**WHAT YOU SHOULD DO:**
Leaving out every picture, retype the lines below from the top through the one that contains "Fotoğraf, bir spiritüel".

**DATA EXCERPT:**
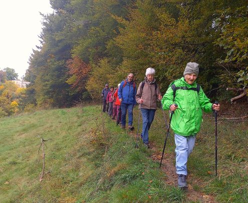 Zur Herbstwanderung der OG Pfullingen „Zu den warmen Quellen“ trafen sich am Sonntag, 19. Oktober bei bestem Wanderwetter 26 interessierte Wanderer*innen. Unter der Führung von Ulrich Rall und Gerhard Spardella begab sich die Gruppe in Fahrgemeinschaften nach Untermarchtal zum Ausgangspunkt der Tour. Entlang der Donau und am Aussichtspunkt Kreuzfels vorbei führte der Weg nach Algershofen zu den warmen Quellen am südwestlichen Ortsrand. Das artesisch aufsteigende Wasser kommt aus ca. 170 m Tiefe, tritt in mehreren Spalten aus mit einer konstanten Temperatur von 16°C und bildet einen langen und mehrere Meter breiten Quellteich. Als kleiner Bach fließt das Wasser nach ca. 1 km in die Donau. In früheren Zeiten wurde die Quelle als Heilbad genutzt. Nach einer kurzen Pause wurde die Tour fortgesetzt zum nächsten Ziel Munderkingen, alemannischen Ursprungs und 792 erstmals erwähnt. Durch die historische Altstadt und den ehemaligen Stadtgraben gelangten die Wanderer zu einem sonnigen Pausenplatz direkt an der Donau. Nach dieser malerischen Rast wanderte die Gruppe entlang der Donau bis zum Sportgelände und einem Donau-Altarm. Diesem folgend, über Wiesen und Felder und dem südlichen Stadtrand gelangten die Wanderer wiederum an die Donau. Der großen Schleife folgend, an Gütelhofen vorbei, erreichte man wieder den Ausgangspunkt in Untermarchtal. Mit einer gemütlichen Abschlusseinkehr im Gasthaus Adler/Meidelstetten endete dieser erlebnisreiche Wandertag. Thomas Schwaner dankte den beiden Wanderführern für die gelungene Wanderung. (V)
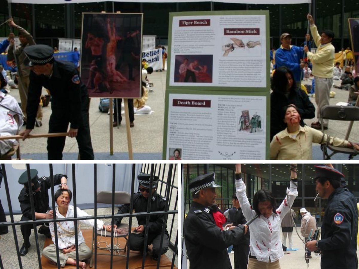 Fotoğraf, bir spiritüel öğreti olan Falun Gong (Falun Dafa olarak da bilinir) takipçilerinin 24-26 Mayıs 2004 tarihlerinde Chicago’nun Federal Plaza meydanında düzenlediği bir gösteriden.
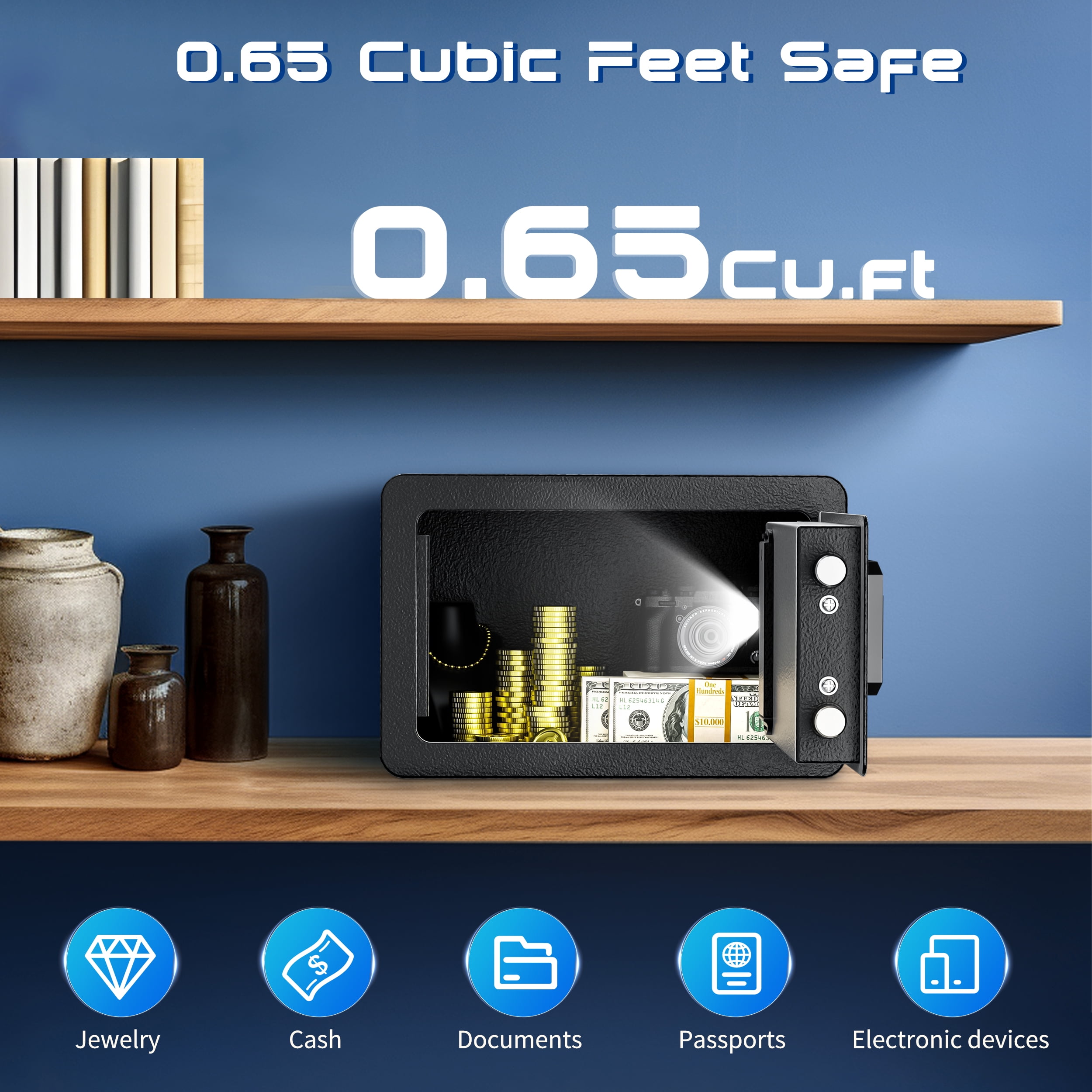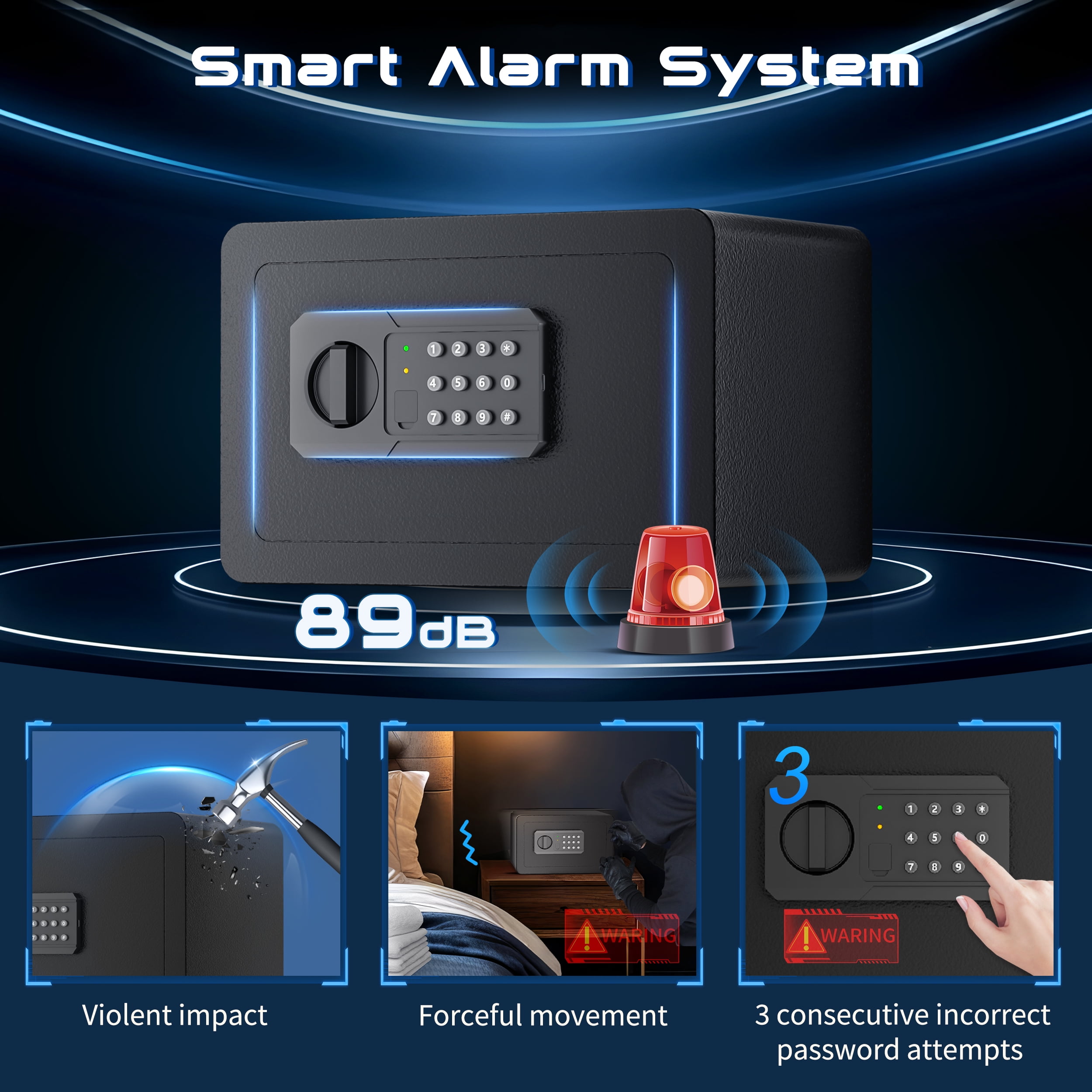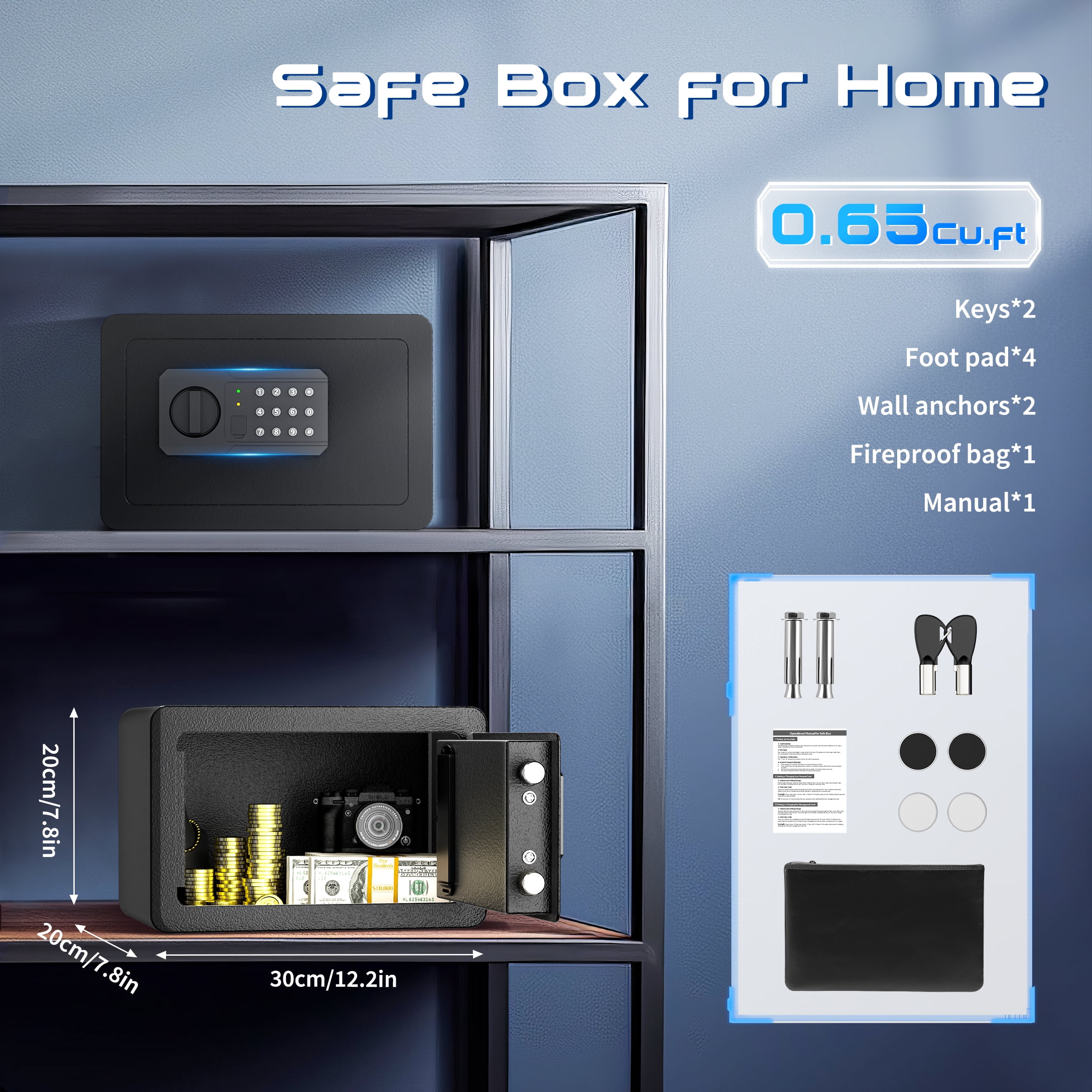 TELAM 0.65 Cu. ft. Safe Box, Fireproof, Keys & Digital Keypad Lock, Home Safe for Money, Wall Mountable, Black The TELAM safe features a dual alarm system that prioritizes security, ensuring peace of mind at home or in the office. It uses high-density alloy bolts with anti-drill and anti-pry capabilities and includes multiple alarms for low battery, tamper vibrations, and misoperations. The TELAM safe also boasts a seamless door edge design for comprehensive theft protection and a smart interior layout for efficient organization of items.

**SOLUTION:**
 Zur Herbstwanderung der OG Pfullingen „Zu den warmen Quellen“ trafen sich am Sonntag, 19. Oktober bei bestem Wanderwetter 26 interessierte Wanderer*innen. Unter der Führung von Ulrich Rall und Gerhard Spardella begab sich die Gruppe in Fahrgemeinschaften nach Untermarchtal zum Ausgangspunkt der Tour. Entlang der Donau und am Aussichtspunkt Kreuzfels vorbei führte der Weg nach Algershofen zu den warmen Quellen am südwestlichen Ortsrand. Das artesisch aufsteigende Wasser kommt aus ca. 170 m Tiefe, tritt in mehreren Spalten aus mit einer konstanten Temperatur von 16°C und bildet einen langen und mehrere Meter breiten Quellteich. Als kleiner Bach fließt das Wasser nach ca. 1 km in die Donau. In früheren Zeiten wurde die Quelle als Heilbad genutzt. Nach einer kurzen Pause wurde die Tour fortgesetzt zum nächsten Ziel Munderkingen, alemannischen Ursprungs und 792 erstmals erwähnt. Durch die historische Altstadt und den ehemaligen Stadtgraben gelangten die Wanderer zu einem sonnigen Pausenplatz direkt an der Donau. Nach dieser malerischen Rast wanderte die Gruppe entlang der Donau bis zum Sportgelände und einem Donau-Altarm. Diesem folgend, über Wiesen und Felder und dem südlichen Stadtrand gelangten die Wanderer wiederum an die Donau. Der großen Schleife folgend, an Gütelhofen vorbei, erreichte man wieder den Ausgangspunkt in Untermarchtal. Mit einer gemütlichen Abschlusseinkehr im Gasthaus Adler/Meidelstetten endete dieser erlebnisreiche Wandertag. Thomas Schwaner dankte den beiden Wanderführern für die gelungene Wanderung. (V)
 Fotoğraf, bir spiritüel öğreti olan Falun Gong (Falun Dafa olarak da bilinir) takipçilerinin 24-26 Mayıs 2004 tarihlerinde Chicago’nun Federal Plaza meydanında düzenlediği bir gösteriden.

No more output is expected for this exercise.